Raj Iyer, Army chief information officer, advises the secretary of the Army, setting the strategic direction and objectives for information technology and information management.

What are your biggest accomplishments as Army CIO so far?

It was important to establish a vision and strategy for digital transformation across the Army, and we accomplished that through the Army Digital Transformation Strategy. The strategy was important to align Army priorities and achieve unity of efforts across the Army—strategic, operational and tactical, and across all three components—Active, Guard and Reserve.

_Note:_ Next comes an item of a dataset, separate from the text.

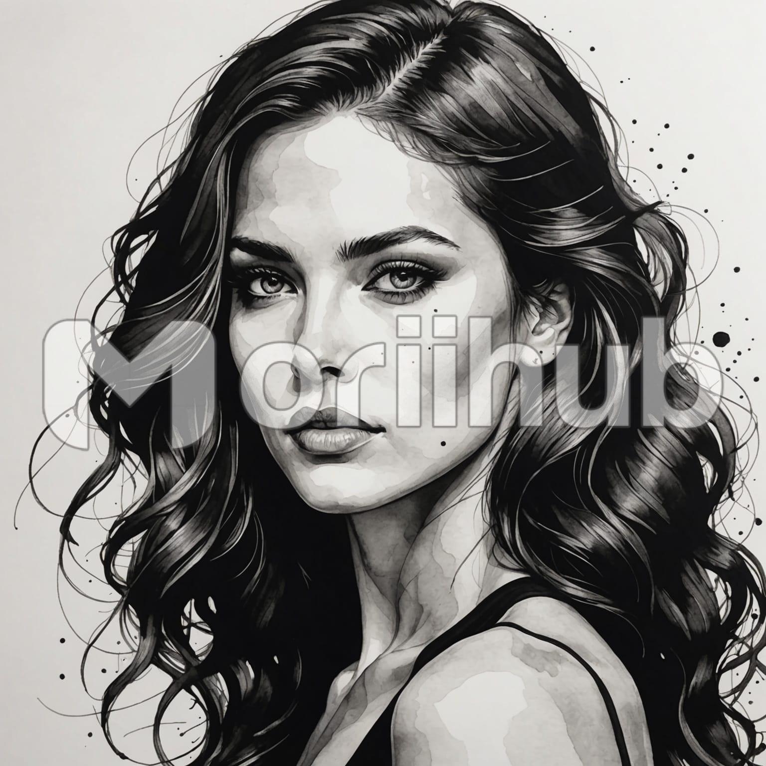 The sketch captures a stunning woman with delicate precision and grace. Her features are outlined with an elegant simplicity, showcasing her beauty through subtle, fluid lines. Her eyes are expressive, conveying a sense of depth and allure. The contours of her face and the gentle curve of her hair are rendered with a soft, refined touch, highlighting her poise. The sketch emphasizes her natural elegance, with minimal shading that enhances her features without overshadowing her inherent grace. The overall effect is one of timeless, captivating beauty.
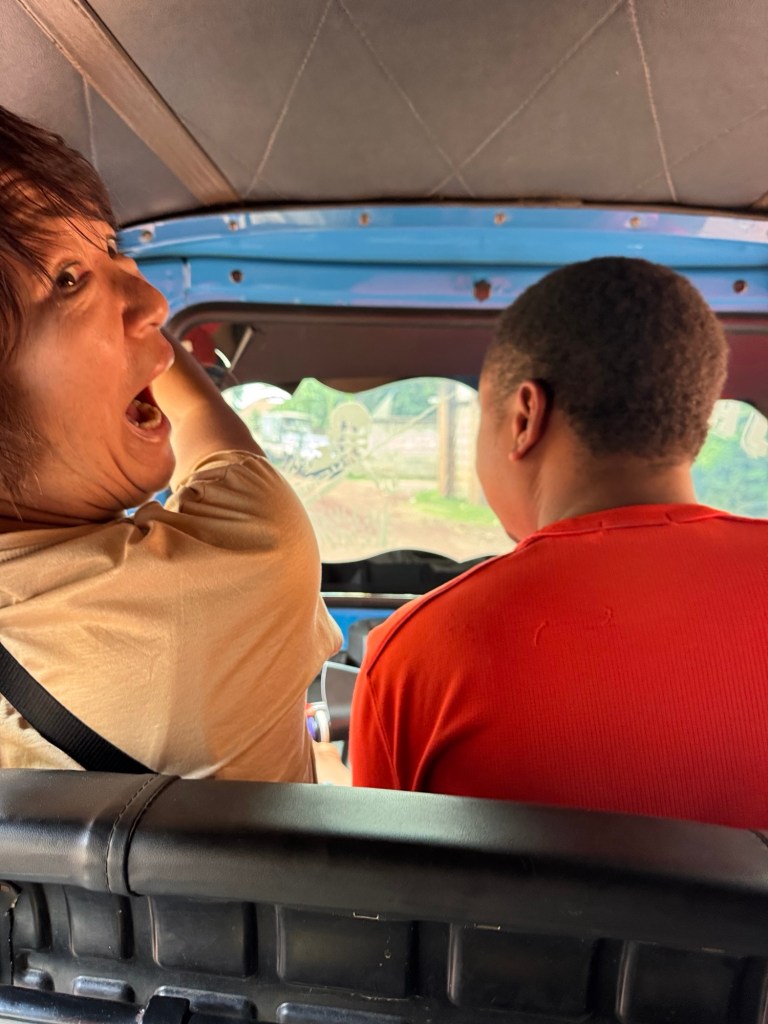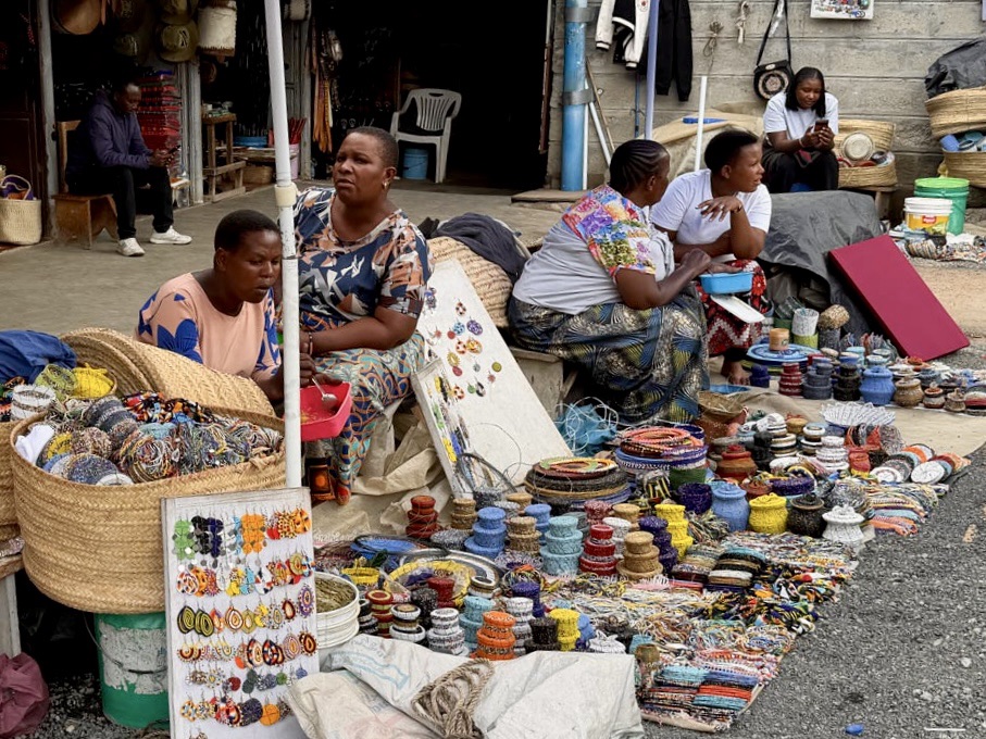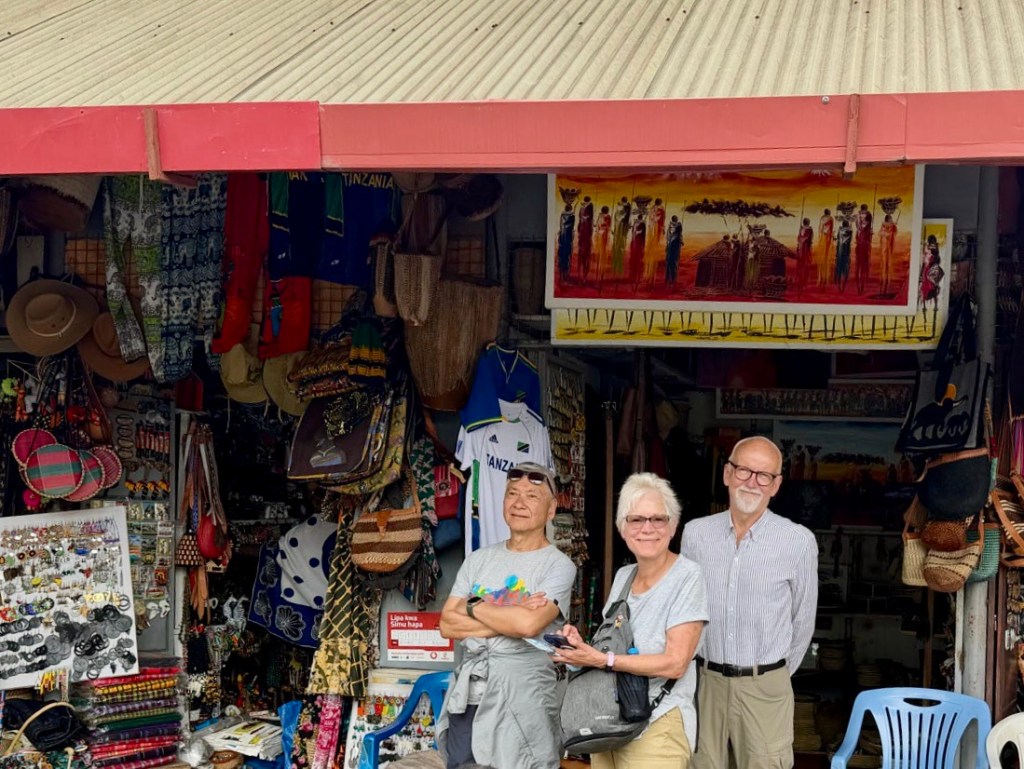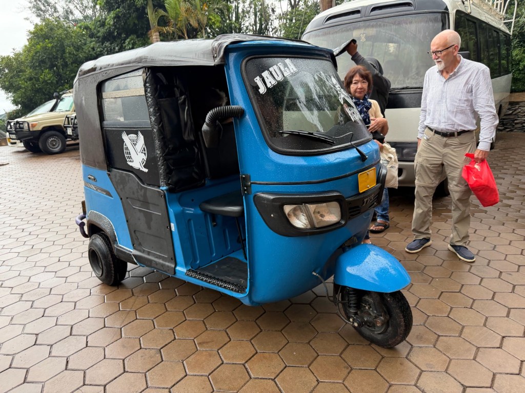 Our local agent arrived for orientation time. She was aware of our opinions regarding the location and offered to arrange a ride in the morning for us to go downtown Arusha to the Masai Market… by tuk-tuk. Four of us and the driver all in one tuk-tuk for a 25 minute drive each way for a total of $8US. Rika volunteered to sit shotgun.

We implemented several foundational initiatives to support digital transformation. In the last year, my office worked to establish fully accredited cloud environments for various cloud service providers, making it easier for users to access and deploy within the Army’s cloud ecosystem. Additionally, moving many of our existing applications to the cloud makes them more reliable and available to the broader force, ultimately improving the user experience.

We also worked diligently to deploy the Army 365 collaboration suite, enabling remote users to work together more purposefully with information sharing tools. Overall, this makes us more versatile as a force and postures us to work as a team, whether located together or globally dispersed. At almost one million users, this is one of the world’s largest Office 365 implementations.

Furthermore, we made tremendous strides in meeting the secretary’s objective to transition to a data-centric Army. We established a world-class data platform called Army Vantage that enabled over 35,000 users worldwide to democratize data and analytics at echelon to support mission needs.

What is the Army doing about the poorly defined cybersecurity requirements for weapon systems?

We are currently implementing a new Cyber Readiness Framework for readiness of weapon systems owned by units from a cybersecurity risk perspective. We are also reestablishing the CIO’s oversight authority through the Clinger Cohen Act to ensure cybersecurity using zero-trust principles is built into weapon systems acquisition. Finally, we are holding system owners accountable for remediating known high-risk vulnerabilities. Systems can lose their authority to operate on the network if the risk levels are unacceptable in today’s threat environment.

Why are they still poorly defined?

We developed many policy and guidance documents that improve our weapons systems cybersecurity, though the guidance usually does not specifically address the ways in which acquisition programs should include cybersecurity requirements, acceptance criteria and verification processes in contracts. So, this is a shortfall for us, and we have to get better at writing this language into our contracts and following through with oversight to make sure our weapons systems are hardened and compliant from a cybersecurity perspective. Also, program managers need to acknowledge that cyber threats are not static and develop requirements for continuous monitoring so that programs can react quickly to dynamic threats.

What progress has the Army made inimplementing zero trust?

The Army is well on its way to achieve zero trust; however, this will be a continuous journey for us. We are actively modernizing our identity, credential and access management system. We are focused on building strong trust relationships between users, data and systems, which will give us greater all-around fidelity.  

Additionally, implementation of comply-to-connect is underway to ensure each endpoint is properly configured before it is allowed to connect. If not, automated solutions will correct the security posture appropriately.

Several other efforts are underway as part of the modernization of our unified network and are being integrated under our zero-trust implementation plan.

What results from Project Convergence will most impact warfighters?

Project Convergence has shown us the importance of being data-centric and how we can achieve decision dominance when we integrate data in innovative ways. It also highlighted the importance of ensuring systems can talk to each other using open standards and the need to acquire systems that comply with open architectures. Finally, Project Convergence is beginning to assess how we fight in the future leveraging data as our new ammunition through combined joint command and control.